Many of the railway's attractive stone-built station buildings still exist today; some have been converted for private usage, while others are near derelict. The former station building at Aberlour has been converted into a tearoom and visitor centre. Knockando station buildings have been restored as part of the neighbouring former Tamdhu distillery and are listed buildings. The former Grantown East Station has been completely renovated, reopening exactly fifty years after the last train passed through as the Highland Heritage & Cultural Centre.

Two of the three bridges over the Spey still survive: the joint road/rail cast-iron Carron Bridge and the impressive lattice girder bridge at Ballindalloch, both of which are designated as Category A listed buildings. Only the piers of the bridge at Tomachrochar, to the west of Nethybridge survive.

The bridge at Abernethy (Nethy Bridge) over the River Nethy has completely disappeared, with abutments still visible in the undergrowth.

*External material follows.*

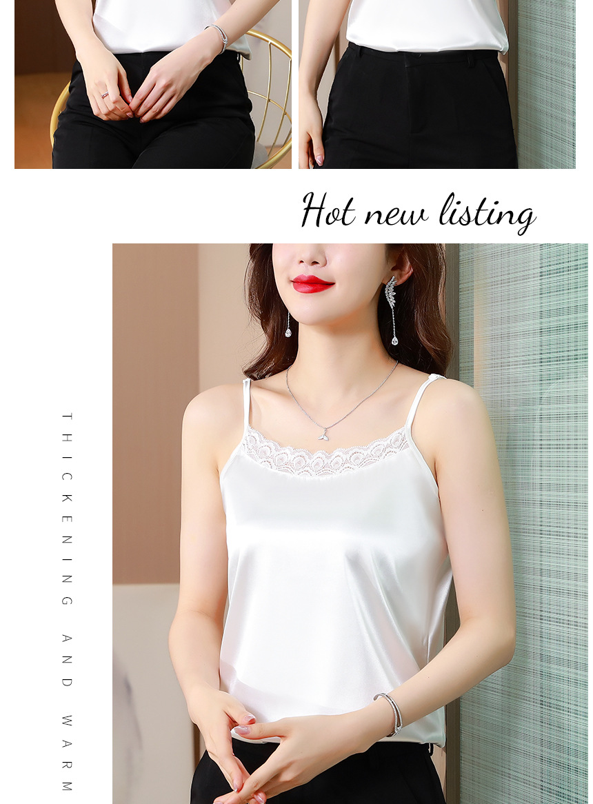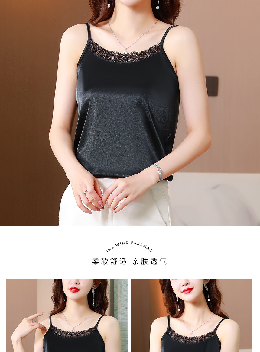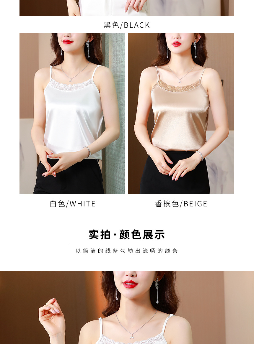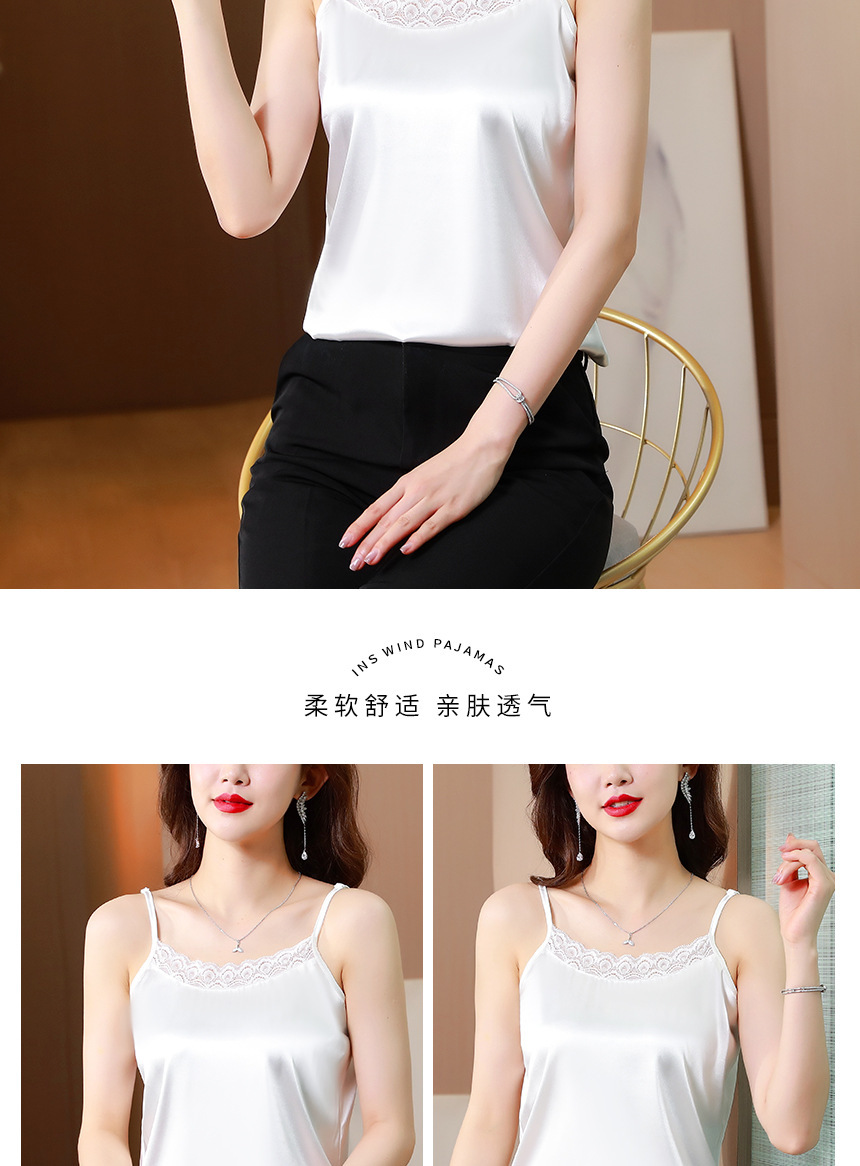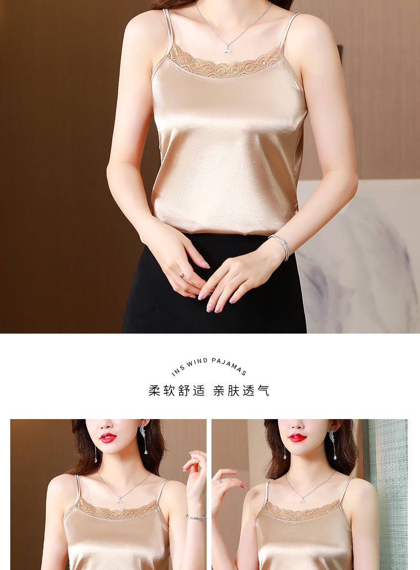 레이스 카미솔 여성의 여름 디자인 감각 큰 크기 외부 착용 새틴 유행베이스 셔츠 세트 내복 옷
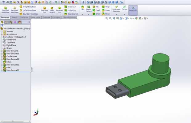 Ahora vamos a hacer la parte del conector USB. Utilice la función 'Boss saca' para crear un rectángulo y huecos, al principio en la anchura del cable USB que utilice y más tarde en hacerlo más estrecho, así que el cable sí mismo será capaz de pasar pero el USB sí mismo no. Uso ' extrusión "otra vez para hacer un cilindro de la anchura de la circunferencia exterior de la base que hemos hecho. En él, utilice 'Extrude' otra vez para hacer un cilindro hueco, para que los cables también será capaces de pasar por allí. (en la foto no es delicada, pero debe ser). Hacer la circunferencia del cilindro levemente menos que la circunferencia interior del cilindro en la calabaza, por lo que cabrá cuando todos hemos terminado. Colorearlo.

The line is closed in its entirety between Boat of Garten and Dufftown.

==Stations==

- Dufftown (Keith and Dufftown Railway); opened 21 February 1862; closed 6 May 1968;
- Strathspey Junction; opened 1 July 1863; renamed Craigellachie Junction 1 June 1864; renamed Craigellachie 1897; closed 6 May 1968; junction to Morayshire Railway;
- Aberlour; opened 1 July 1863; closed 18 October 1965;
- Dailuaine Halt; opened 18 November 1933; closed 18 October 1965;
- Carron; opened 1 July 1863; closed 18 October 1965;
- Imperial Cottages Halt; opened 15 June 1959; closed 18 October 1965;
- Knockando; private; opened 1869; renamed Knockando House Halt 1905; closed 18 October 1965;
- Gilbey's Cottages Halt; opened 15 June 1959; closed 18 October 1965;
- Dalbeallie; opened 1 July 1899; renamed Knockando 1 May 1905; closed 18 October 1965;
- Blacksboat; opened 1 July 1863; closed 18 October 1965;
- Ballindalloch; opened 1 July 1863; closed 18 October 1965;
- Advie; opened 1 July 1863; closed 18 October 1965;
- Dalvey; opened 1 July 1863; closed 1 September 1868;
- Dalvey Farm Halt; opened 15 June 1959; closed 18 October 1965;
- Cromdale; opened 1 July 1863; closed 18 October 1965;
- Grantown; opened 1 July 1863; renamed Grantown-on-Spey 1 June 1912; renamed Grantown-on-Spey (East) 5 June 1950; closed 18 October 1965;
- Ballifurth Farm Halt; opened 15 June 1959; closed 18 October 1965;
- Abernethy; opened 1 July 1863; renamed Nethy Bridge 1 November 1867; closed 18 October 1965;
- Boat of Garten (Inverness and Aberdeen Junction Railway); opened 3 August 1863; closed 18 October 1965.